**Available data:**
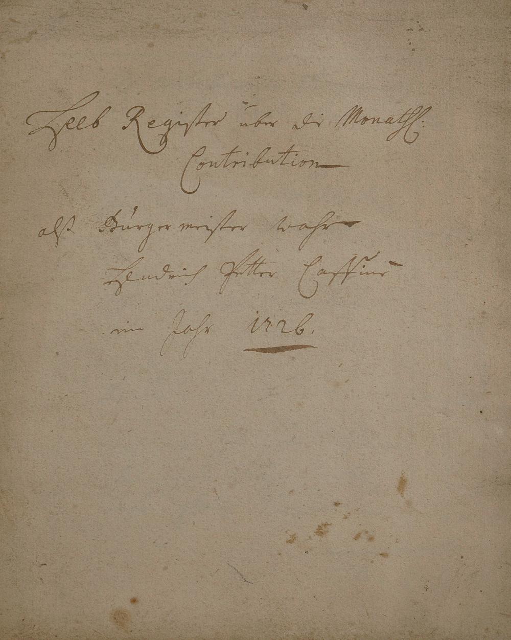 Kontributionsregister angefertigt von Bürgermeister Heinrich Peter Kaffine
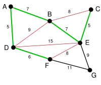 The next-shortest edges are AB and BE, both with length 7. AB is chosen arbitrarily, and is highlighted. The edge BD has been highlighted in red, because there already exists a path (in green) between B and D, so it would form a cycle (ABD) if it were chosen. |
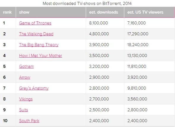 Η καθιερωμένη καταμέτρηση-ανασκόπηση της ιστοσελίδας Torrentfreak αποκαλύπτει ότι η τρέλα με το Game of Thrones παραμένει άσβεστη για εκατομμύρια τηλεθεατές, καθώς για τρίτη σερί χρονιά βρίσκεται στην πρώτη θέση των πιο πειρατικά κατεβασμένων τηλεοπτικών σειρών αφήνοντας στη δεύτερη θέση το The Walking Dead και στην τρίτη θέση το The Big Bang Theory..
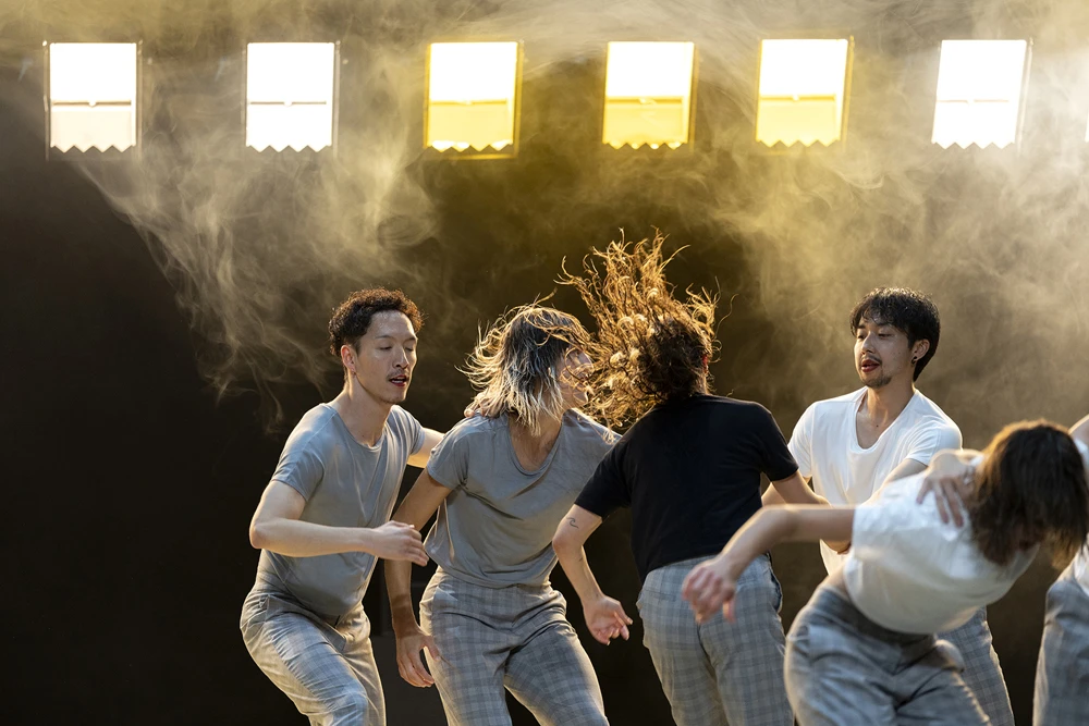 L’esperienza sensoriale che coinvolge lo spettatore si conclude quando gli interpreti si lasciano scivolare sul davanti del palcoscenico e spariscono tra le poltrone, nel buio del parterre, quali enormi insetti striscianti, generando un sentimento di stupore e inquietudine, fino a uscire di scena dalle porte di servizio laterali. Una sorta di addio al mondo precedente e alle incertezze, il desiderio di affrancarsi da una corazza, dal disorientamento o dal dolore: negli occhi dello spettatore restano lampi di ossa sporgenti, segmentazione, esoscheletri, fumo da sublimazione e una vibrazione potente.

**Aim of the task:** Please output the material as written, apart from the images.

**Written solution:**
 Kontributionsregister angefertigt von Bürgermeister Heinrich Peter Kaffine
 The next-shortest edges are AB and BE, both with length 7. AB is chosen arbitrarily, and is highlighted. The edge BD has been highlighted in red, because there already exists a path (in green) between B and D, so it would form a cycle (ABD) if it were chosen. |
 Η καθιερωμένη καταμέτρηση-ανασκόπηση της ιστοσελίδας Torrentfreak αποκαλύπτει ότι η τρέλα με το Game of Thrones παραμένει άσβεστη για εκατομμύρια τηλεθεατές, καθώς για τρίτη σερί χρονιά βρίσκεται στην πρώτη θέση των πιο πειρατικά κατεβασμένων τηλεοπτικών σειρών αφήνοντας στη δεύτερη θέση το The Walking Dead και στην τρίτη θέση το The Big Bang Theory..
 L’esperienza sensoriale che coinvolge lo spettatore si conclude quando gli interpreti si lasciano scivolare sul davanti del palcoscenico e spariscono tra le poltrone, nel buio del parterre, quali enormi insetti striscianti, generando un sentimento di stupore e inquietudine, fino a uscire di scena dalle porte di servizio laterali. Una sorta di addio al mondo precedente e alle incertezze, il desiderio di affrancarsi da una corazza, dal disorientamento o dal dolore: negli occhi dello spettatore restano lampi di ossa sporgenti, segmentazione, esoscheletri, fumo da sublimazione e una vibrazione potente.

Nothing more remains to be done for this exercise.